Вышел на улицу. Сразу от света яркого зажмурился — после сна глаза ещё как разомлевшие — смотреть ими не в силах. Стою на крыльце. Слышу: воробьи вовсю расчирикались, непонятно только, по какому поводу. Кот их, может, растревожил — стоит тот дымчато-космато посреди ограды, а меня увидел — замяукал тотчас хрипло: я, мол, тут, хочу покушать. «Обойдёшься, морда наглая, — говорю ему мысленно. — Рыбку поймаю если, дам отведать». Перестал кот мяукать, будто то, что я сказал, понял, на расшумевшихся воробьёв, вижу его через прищур, зелёными зенками, располовиненными узкими на свету прорезями зрачков, вожделенно уставился: око-то видит птиц, да зуб неймёт вот. Сердце моё возвеселилось — много ли надо человеку — глоток свежего мартовского воздуху и чтобы рядом тварь мяукала или чирикала. Почти вслепую достал я из-под стрехи лыжи. Сходил в подсобку, набрал там в банку из ведра с осени ещё оставленных червей — пока меня тут не было, мама подкармливала их испитым чаем, — положил в рюкзак банку с червями и зимнюю удочку, взял на плечо пешню и деревянную лопату и пошёл на Кемь.

Иду — глаза мои уже взбодрились и привыкли к блеску, — осматриваюсь.

За спиной у меня остался дом наш, возвышающийся на угоре, слева от меня — темнеющая стенами домов и заборов и сверкающая стёклами окон большая часть Ялани, справа — густой ельник, впереди — на том берегу реки ощетинились соснами ослеплённые солнцем сопки. Зеленеют сосны пеной крон, с сопок к Кеми как будто, как с горшков, сползающей, золотятся молодыми стройными и буреют старыми извитыми стволами. Бока у сопок кое-где голые, без леса — снегом белеют. С детства знакомы мне картинки эти — отпечатались. Сижу там, в Петербурге, в своей комнате, перебираю их в памяти, когда вдруг затоскуется, как фотографии — спасает.

Иду я и думаю о том, что ни Мартирия и ни Тривимия ни одного в Ялани я не помню, до меня, может, когда и жили здесь люди с такими именами — селу всё-таки без малого четыреста лет и было оно всегда, до хрущёвских реформ, крупным, самым большим в Елисейском уезде, а потом и районе, — но о таких я тут не слышал даже.

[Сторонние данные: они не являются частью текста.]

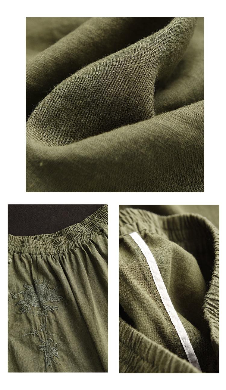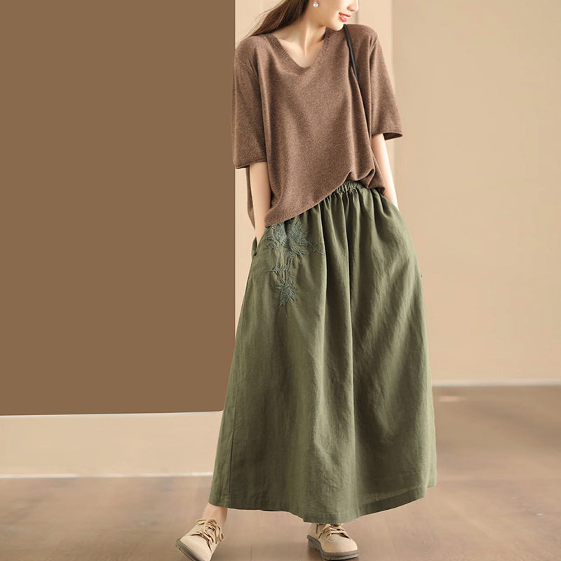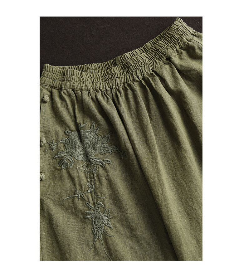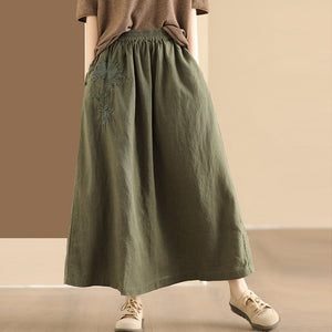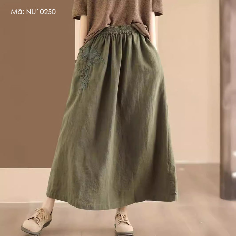 Chân váy linen lưng thun túi chéo thêu hoa văn khuy tròn - NU10250

А вот Маркелла и жену его Домну Деменковых худо-бедно, но припоминаю. Были они тогда, когда их память моя захватила, очень уже, наверное, старыми — оба ходили сгорбленно и с палочками. Изробились, говорили про них. А помню я их только вот как: маревым жёлто-сиреневым июльским вечером, когда начинает спадать дневной жар и от реки прохладой начинает веять, еле-еле передвигая обутыми — у неё в чирки, а у него в бродни — ногами, плетутся по пыльной тропке гуськом из леса двое — старик и старуха, — лиц их под сетками не видно, вьётся вокруг них уйма комаров и слепней, пахнет от них дёгтем. Я только знаю, что это муж с женой, старик со старухой, и зовут их Маркеллом и Домной. Возвращаются они с покоса. А как вот и когда умерли они, не помню. Ушли из жизни незаметно — как уходят из неё чужие лошади или собаки. Царство Небесное им, этим тихим людям, их Святые им в защиту. Ничего о них больше не знаю. Надо будет после расспросить о них родителей.

Зато вот Евдокий полно было в Ялани. У меня и бабушка и тётка по отцу — Евдокии, только одну мы звали баба Дуня, а другую тётя Дуся. Чуть ли не так: иные времена — иные имена, по крайней мере, варианты. Тётка и до сих пор жива-здорова, а проживает в городе Исленьске. Лет пять назад овдовела. Теперь нашласебе какого-то дедульку. Надо будет как-нибудь и к ней заехать. Ездить нынче дорого вот только стало. Тётя Дуся — сталинистка. Дедулька её — бывший лагерник, политический. Как они уживаются, не знаю. Нашли же друг дружку. Повидаться с ней, с Евдокией Павловной, и в тот же день в пух и в прах не рассориться, сложно, нужно быть очень хитрым или кротким. Не ругается с ней только мама, но она с ней и о политике не рассуждает. «А вам, Истоминым, — говорит мама, — других и разговоров больше будто нет, как о политике только поспорить».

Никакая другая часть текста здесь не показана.